Modes d'établissement de la filiation maternelle
La filiation maternelle peut être établie de trois façons :
1) l'établissement de plein droit par l'inscription du nom de la mère dans l'acte de naissance de l'enfant (article 312 du code civil). C'est le cas plus courant dans la pratique puisque le nom de la mère est une mention qui doit obligatoirement figurer dans l'acte de naissance. Les exceptions sont donc rares, seuls sont concernés les enfants abandonnés, nés d'un accouchement clandestin ou nés sous X.
2°) l'établissement de la filiation par la reconnaissance.

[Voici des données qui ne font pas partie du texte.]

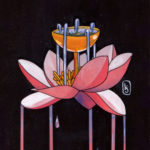 The Ace of Cups is about overflowing abundance and a radiance, both inwardly and outwardly. It can represent a peaceful solitary state. Lotuses are a symbol of an ascendance from the material plane, and just like the chalice in the traditional Rider-Waite deck, their blooms hover over the surface of the water. And as the card is about a radiant warmth, lotuses are capable of regulating the temperature of their blossoms to radiate a bit more heat and attract pollinators.

Si la filiation maternelle n'est pas établie de plein droit par l'inscription du nom de la mère dans l'acte de naissance, elle peut l'être par reconnaissance, autrement dit par un acte volontaire fait auprès de l'officier de l'état civil. Celui-ci requiert certains consentements (article 329bis du Code civil) : si l'enfant a moins de 12 ans, seul le consentement du père est requis. Si l'enfant est mineur de plus de 12 ans, il faut le consentement de l'enfant et de son père. Si l'enfant est majeur ou mineur émancipé, seul son consentement est nécessaire ; il dispose donc d'un véritable droit de véto et le parent n'a aucun recours contre son refus. En cas de refus du (ou des) consentement(s), un recours par citation est prévu devant le Tribunal de première instance. Lorsque la tentative de conciliation échoue, le juge vérifiera si la mère qui revendique la reconnaissance est ou non la mère biologique. Si ce n'est pas le cas, la demande sera rejetée. Si par contre, il s'agit de la mère biologique, l'article 329bis dispose que le tribunal statue en prenant en compte l'intérêt de l'enfant si celui-ci a plus d'un an au jour de l'introduction de la demande. Toutefois, un arrêt de la Cour constitutionnelle du 16 décembre 2010 déclare ce délai d'un an inconstitutionnel.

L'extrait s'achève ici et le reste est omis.